These problems are well known and there are lots of ways to ameliorate them. It all revolves around the stateless event-driven nature of the web. The current solutions try to regain some statefulness. For example, many environments allow you to tag certain variables as 'persistent'.

Through the right kind of magic, the value of $yourName might then survive from name.html to car.html without the use of the hidden form input. It is also possible to unify the three files into one 'persistent class'. Every variable within that class is then 'persistent', and travels automatically from page to page.

However, all these tricks fail to do more than gloss over the problem. Each pageview is a whole new event. Each stage has to check if previous states behaved. Each stage must make sure that it cannot be fooled by accessing it at the wrong moment (which as mentioned before would allow us to skip the 'accident history' page).

Why not go back to the old days?

Compared to the many-Desks drama, the simple numbered program listed above sounds like heaven! Why did you ever move to this event driven nonsense? As mentioned, this is partly due to the 'dynamic page' paradigm, where some dynamic code is added to basically static webpages, ie, a clock telling you the current time.

Such pages are inherently 'desk oriented'. Also, as the computer science people can tell you, nothing is as efficient as stateless interrupt driven operations. While the user is filling out his form, say, in between index.html and name.html, no resources are consumed, save perhaps for the piece of paper we have to store - a few bytes.

The dynamic page paradigm is ridiculously efficient. Even a meager webserver could run millions of sessions this way - because there is no session to speak of. In the absence of other stimuli, no computer professional can resist the pull of perfect efficiency.

The listed program above has to wait for the user to fill out his form. This 'waiting' consumes resources - but not a lot. By the time you are driving enough traffic for this to matter, you will have other problems.

A new (or old!) paradigm: Synchronous Web Programming

The technical term for the simple program listing above is 'Synchronous'. It outputs a form and then waits, in place, for the user to respond. This paradigm is new for web programming, but is old hat for all other uses.

Over the past 30 years it has served us well. It is time for us to integrate the web into our current practices, and treat it no different from other programs.
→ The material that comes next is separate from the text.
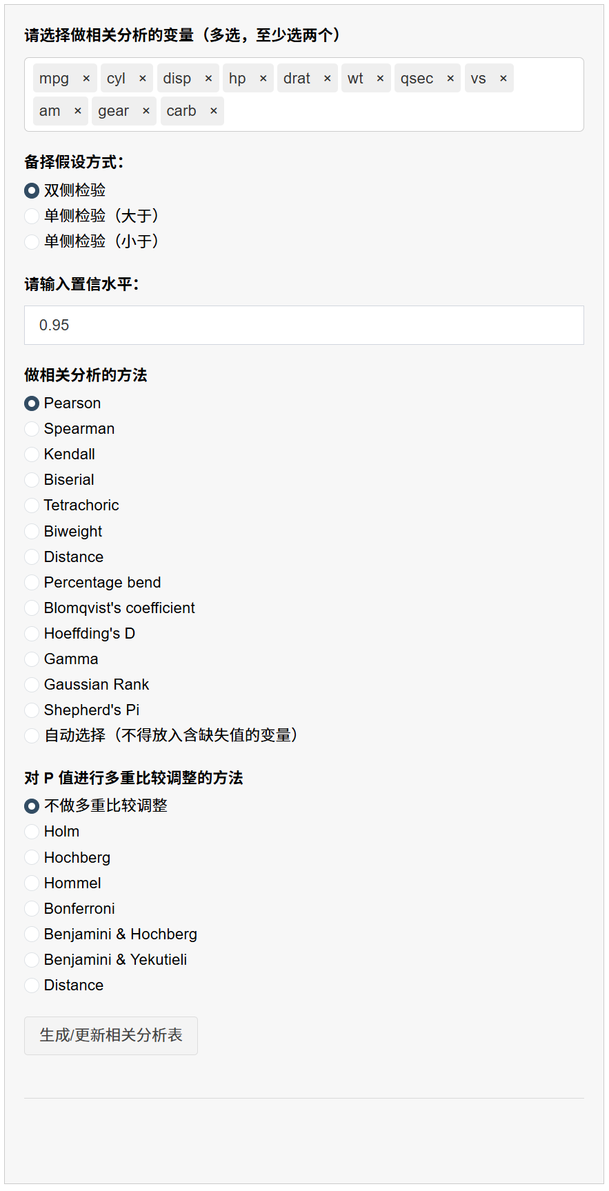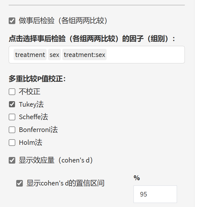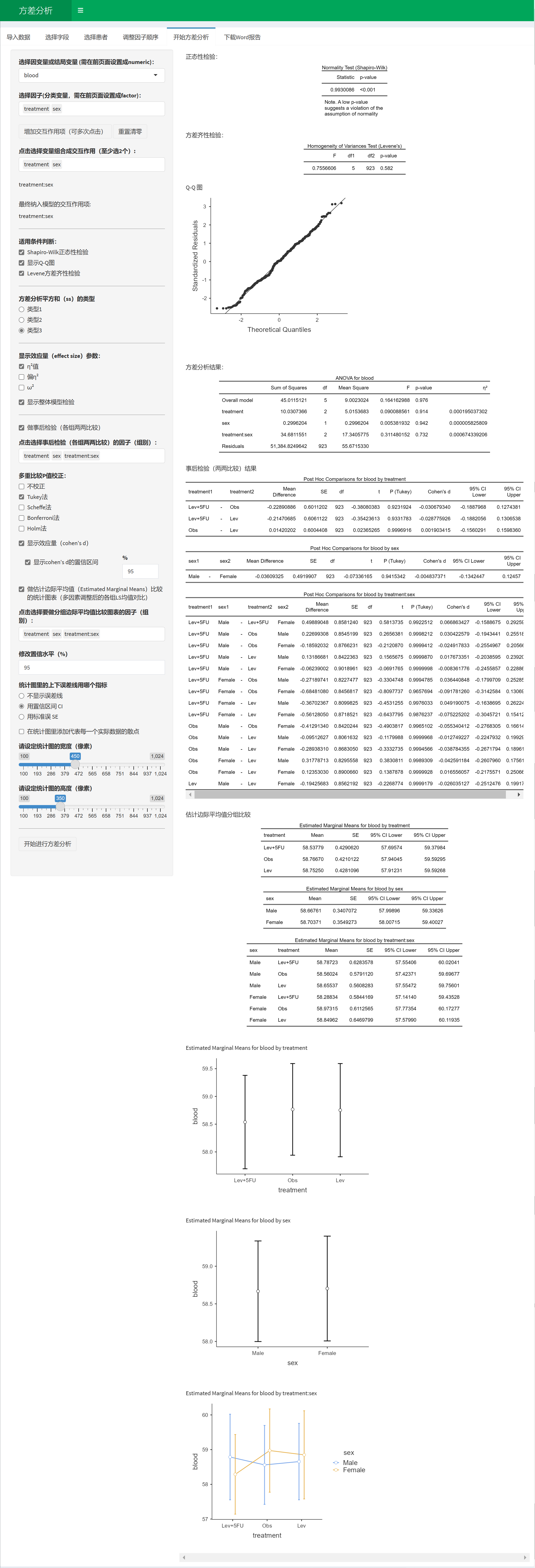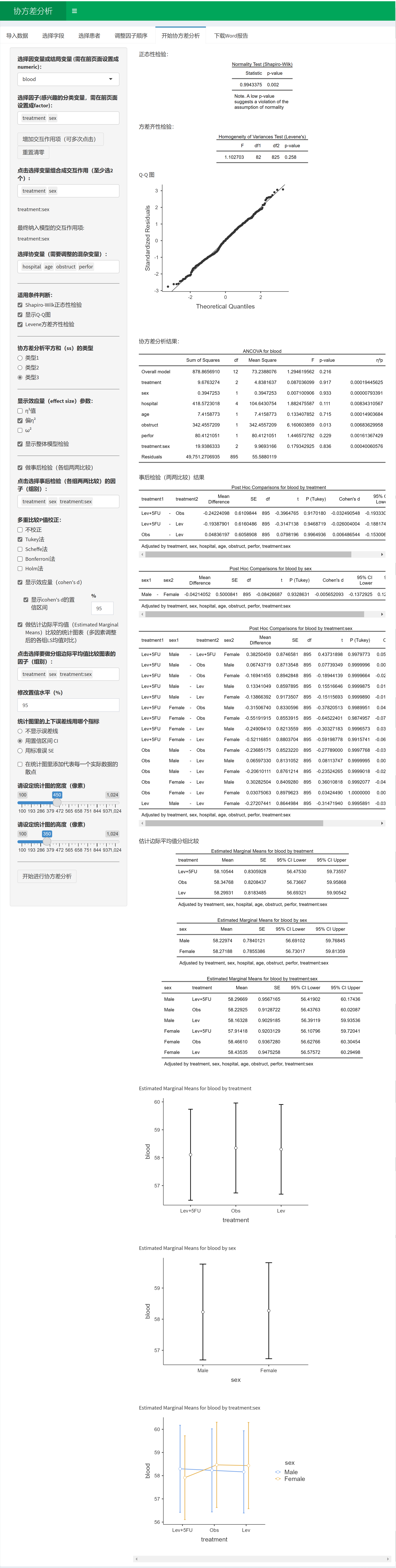 - Q–Q 图:可视化正态性(默认开,与上项联动)。
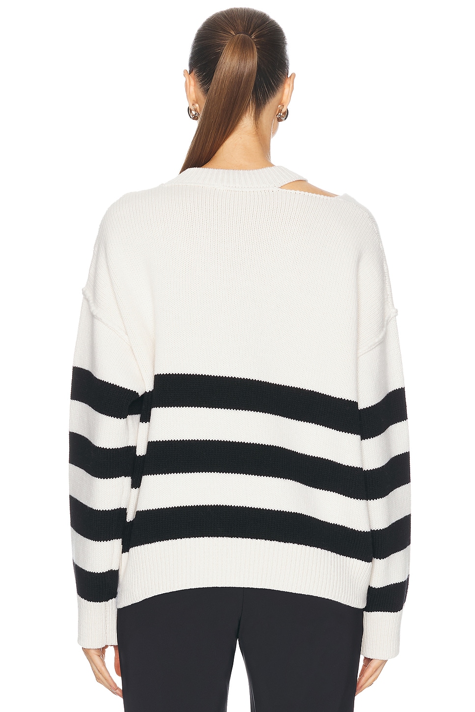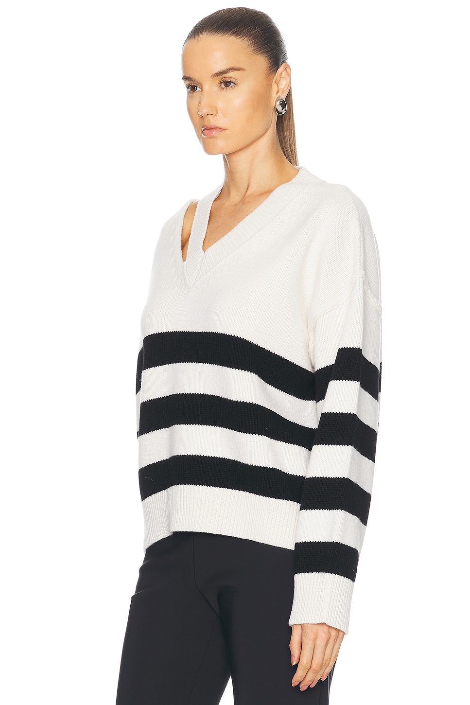 Deconstructed Cashmere Knitted Breton V-Neck Джемпер Rohe, Off White & Black White Stripe

A sample implementation exists which has already proven that the synchronous paradigm lends itself very well to webdesign. It is expected that existing script languages can be adapted to synchronous operations.

Some example code

  main()
  {
    string username;
    if(doUserPasswordCheck(&username)) {
      memberMenu();
    }
    print("Bye!");
    die(); // session will die after page is viewed   
  }

  bool doUserPasswordCheck(string *user)
  {
    while(true) {            // loop forever
      startTableForm();      // makes a pretty form in a table
      formInput("Your username","username");
      formPassword("Your password","password");
      formSubmit("Login!");
      formSubmit("Cancel"); 
      formEnd();
      
      readVariables(); // wait for user input

      if(buttonPressed("Cancel")) // user canceled
	return false; // not logged in

      if(getVar("username").empty())
	formError("username","<- must not be empty!"); // will be displayed on retry

      if(!userPassExists(getVar("username"),getVar("password")))
	print("Password/username did not match database! Try again: ;<p>\n");
      else {
        *user=getVar("username");
	return true;
      }
    }
    return false; // we never get here
  }

Hang on, this can never work!

You are a dinosaur.